*** Opening of GIVEN RECORDS ***
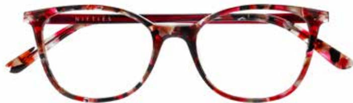
NI 9501 c.4124 – 49/17-140 B: 39

ACETATE TWO FEMININE SHAPES 4 COLOURS EACH
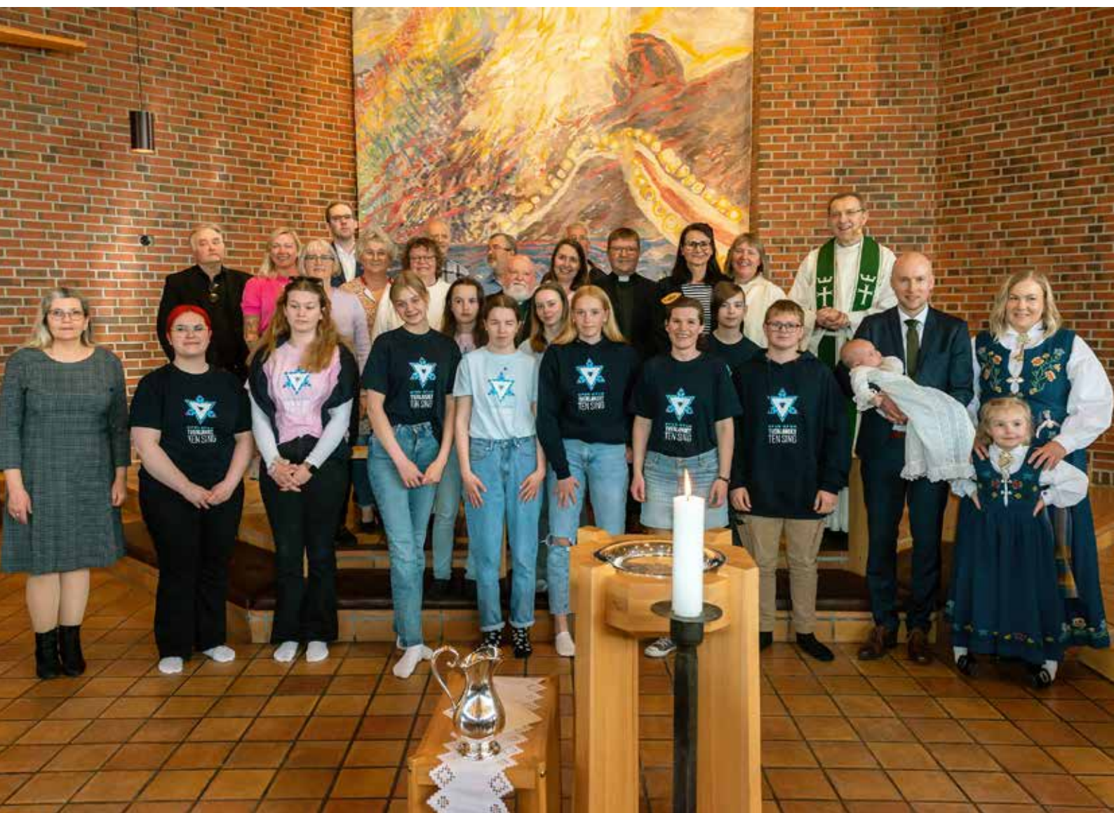
Medvirkende på avslutningsfesten for soknepresten.
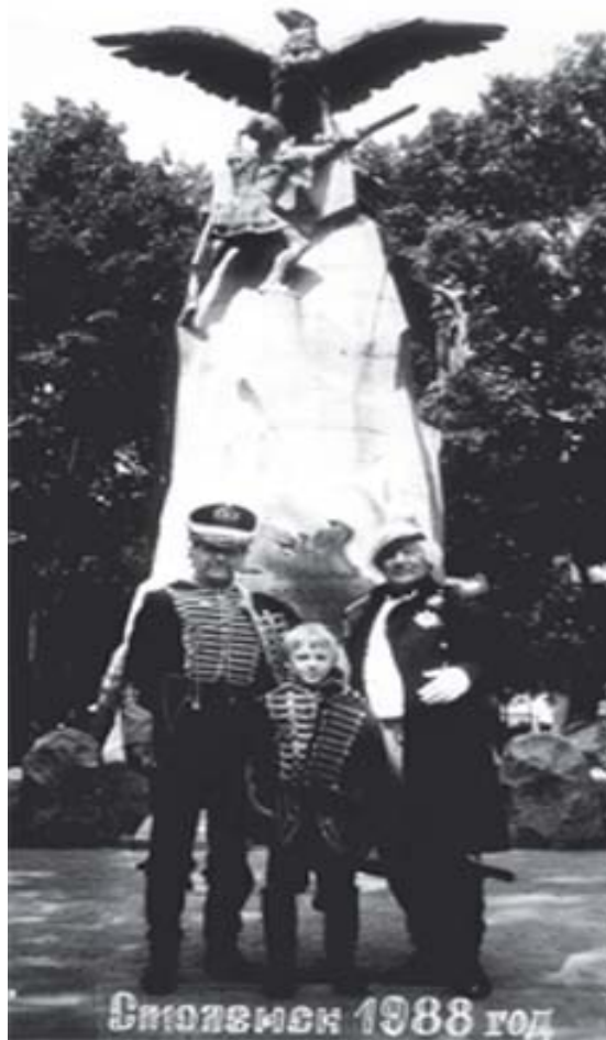
Поход по местам отступления Наполеона -I в 1812 году

Это было 1 августа 1951 года. С.Топ продолжал петь, а перед глазами пролетала вся его жизнь, которую он в обычном состоянии и не помнил. Да и откуда он мог знать, что вся его жизнь, это заранее запрограммированная Топосферой* жизнь личности, длиной всего-то в 78 лет.
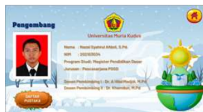
Gambar 12. Tampilan Informasi

Tampilan pada menu informasi berisikan tentang identitas pengembang media interaktif game edukasi yang diciptakan oleh peneliti. Serta berisikan daftar pustaka yang dipakai oleh peneliti untuk mengisi materi yang terdapat pada media interaktif game edukasi tersebut.
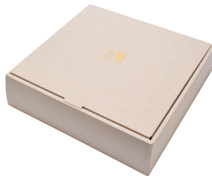
ギフトボックス 大

商品番号 616-029 ¥200(税込) 縦18.0cm×横18.0cm×高さ7.5cm
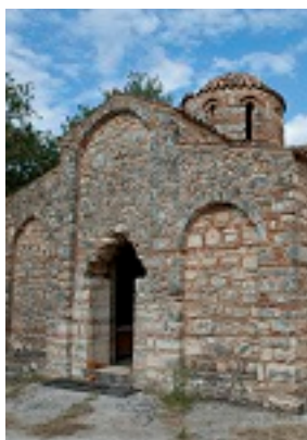
Παναγία Ζερβιώτισσα, Χανιά Κρήτη
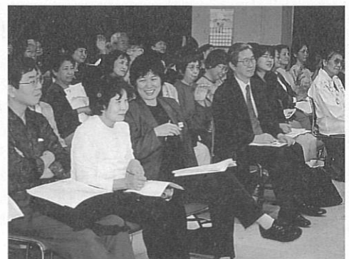
思わず引き込まれ、熱心にきき取る参加者のみなさん
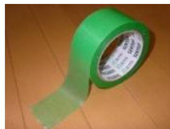
図 3 養生テープ見本

学校側指定により、装飾用テープに関しては「養生テープ」(右図の写真参照)を使用していただきます。それ以外のテープや学校施設の汚染につながる装飾方法は禁止とします。
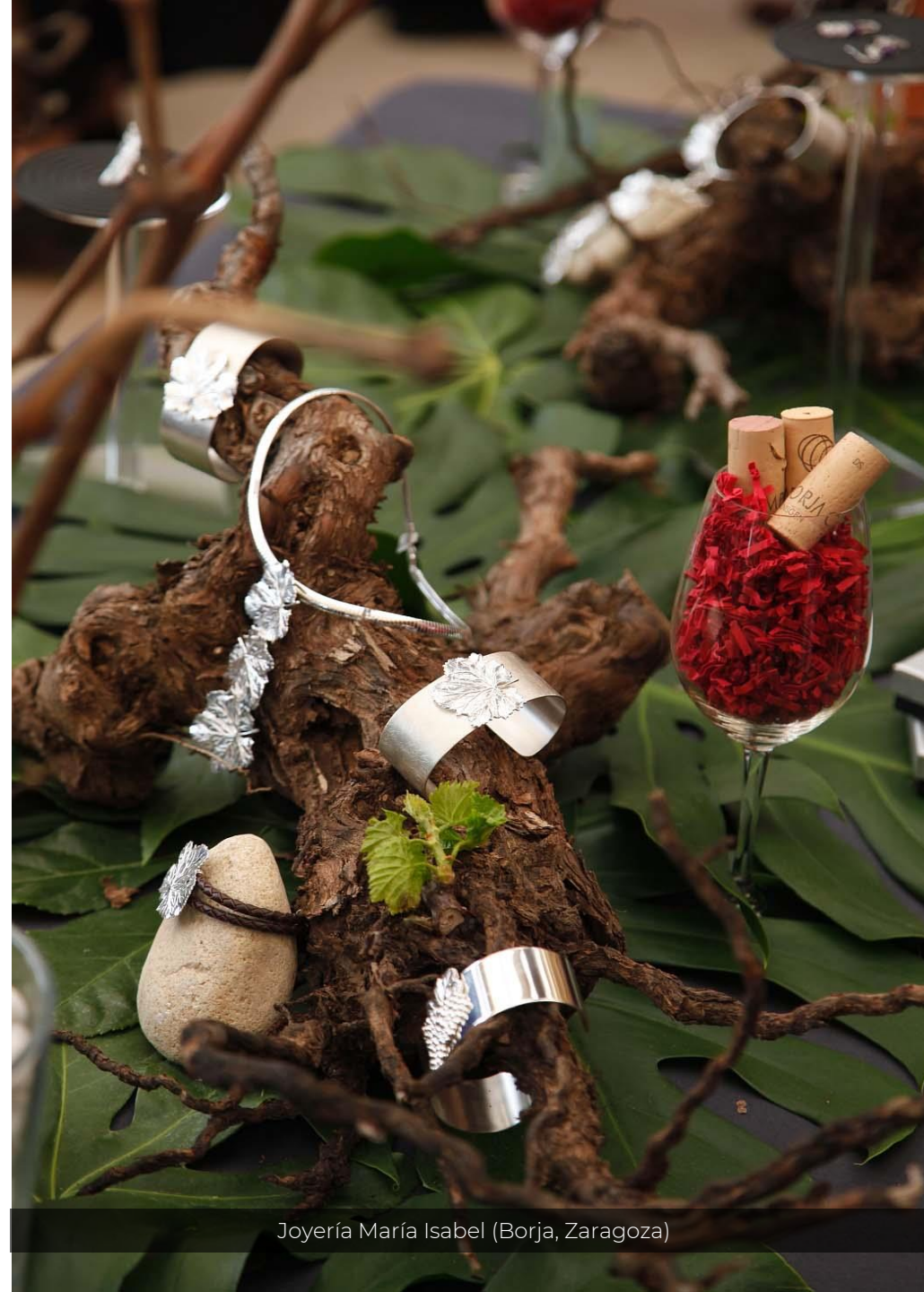
Joyería María Isabel (Borja, Zaragoza)
*** Close of GIVEN RECORDS ***
▸ TASK DETAILS
Skip the pictures, then write out every entry exactly.

▸ TASK RESULT
NI 9501 c.4124 – 49/17-140 B: 39

ACETATE TWO FEMININE SHAPES 4 COLOURS EACH
Medvirkende på avslutningsfesten for soknepresten.
Поход по местам отступления Наполеона -I в 1812 году

Это было 1 августа 1951 года. С.Топ продолжал петь, а перед глазами пролетала вся его жизнь, которую он в обычном состоянии и не помнил. Да и откуда он мог знать, что вся его жизнь, это заранее запрограммированная Топосферой* жизнь личности, длиной всего-то в 78 лет.
Gambar 12. Tampilan Informasi

Tampilan pada menu informasi berisikan tentang identitas pengembang media interaktif game edukasi yang diciptakan oleh peneliti. Serta berisikan daftar pustaka yang dipakai oleh peneliti untuk mengisi materi yang terdapat pada media interaktif game edukasi tersebut.
ギフトボックス 大

商品番号 616-029 ¥200(税込) 縦18.0cm×横18.0cm×高さ7.5cm
Παναγία Ζερβιώτισσα, Χανιά Κρήτη
思わず引き込まれ、熱心にきき取る参加者のみなさん
図 3 養生テープ見本

学校側指定により、装飾用テープに関しては「養生テープ」(右図の写真参照)を使用していただきます。それ以外のテープや学校施設の汚染につながる装飾方法は禁止とします。
Joyería María Isabel (Borja, Zaragoza)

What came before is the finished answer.